Some of the previous answers contain some very valid points, but they forget one very important factor: ALL REAL ESTATE LAWS VARY FROM STATE TO STATE. Sure there is a portion that applies accross the nation, but the nuances change in every state. In the state where I live and practice, items found deffective in an inspection do not have to be fixed by the seller. These defficencies do give the buyer a way out of their contract or possibly a means to renegotiate, but the seller is under no obligation to fix anything, only disclose what he knows.
As to the MLS situation/designation, this again depends on the contract that the seller has with his agent and the buyer as well as the practices and proceedures of the local MLS office. Maybe the proceedure in your area is that they continue to market the home until the close of escrow. This would include accepting back up offers,...

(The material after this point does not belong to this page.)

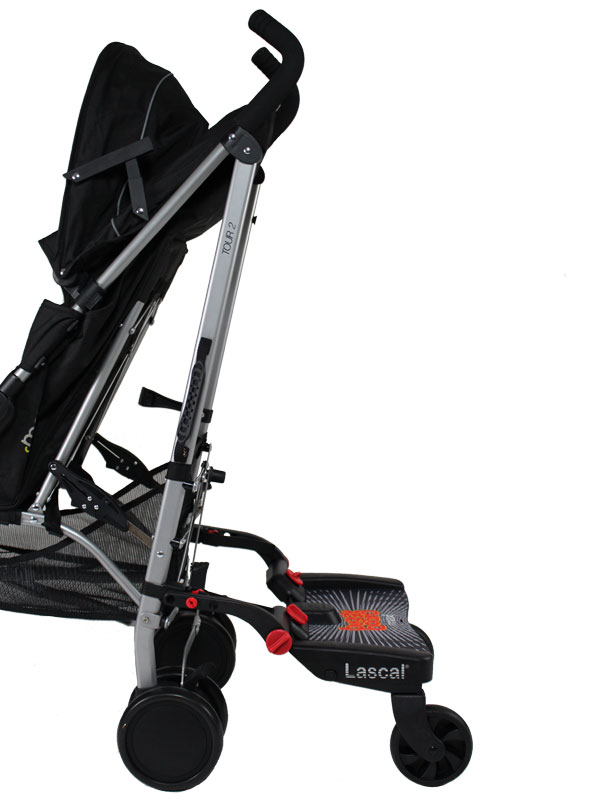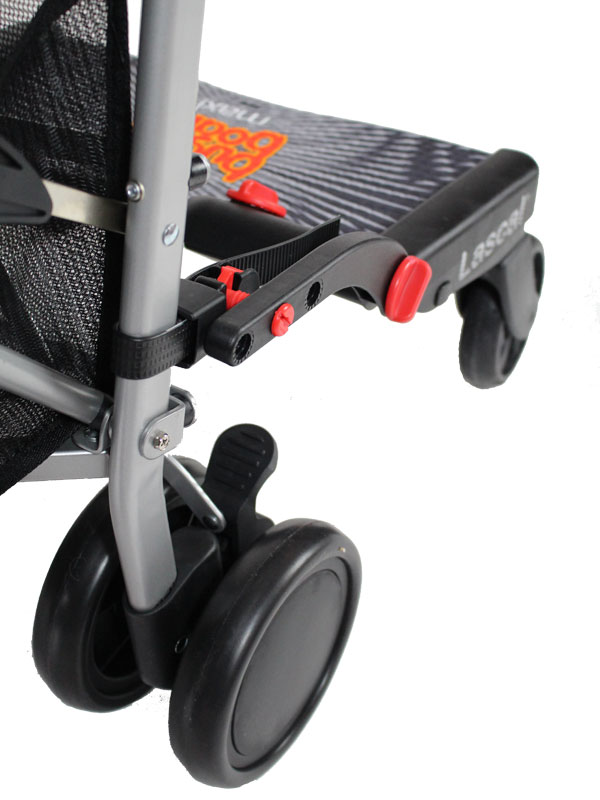 Please note, this website and product imagery is designed to show you the wide variety of applications and flexibility of the BuggyBoard on a range of pushchair models. It is not exhaustive and is regularly updated. The BuggyBoard has been designed with functionality in mind, so our illustrative examples are intended to show you that the BuggyBoard can be mounted successfully onto almost every pushchair model. It is important that any child using the BuggyBoard has enough space to stand comfortably. However, due to the number of combinations possible across pushchair brands (regarding positioning of carrycots, whether seats are forward/rear facing, the ability of the pushchair handle to slide out, accessories you may have attached etc.) we are unable to illustrate everything. Only you can recognise if your child has enough space to stand comfortably. Similarly, if you use a BuggyBoard Saddle, the seat accessory designed for use with the BuggyBoard Maxi, you need to be sure that your child has adequate space to sit/stand comfortably. They should always sit rear facing. Before each use, please show your child where they should hold onto the pushchair or Saddle to avoid any fingertraps that may be accessible at the back of your pushchair.

Now, regardless of where you are located, the seller can not unilatterally back out of the sale contract with you just because he received a better offer from someone else. If he does, then you could sue him for specific performance. However, if you change the contract in any way due to the results of the inspections (ask him to fix something not originally agreed to,...) the original contract is void. At that time he would be free to accept another offer.
The best thing is to contact your agent or his supervising broker if you have any questions. Because regardless of our intents, unless we see the actual contracts and agreements, there is no way to provide you with solid advice.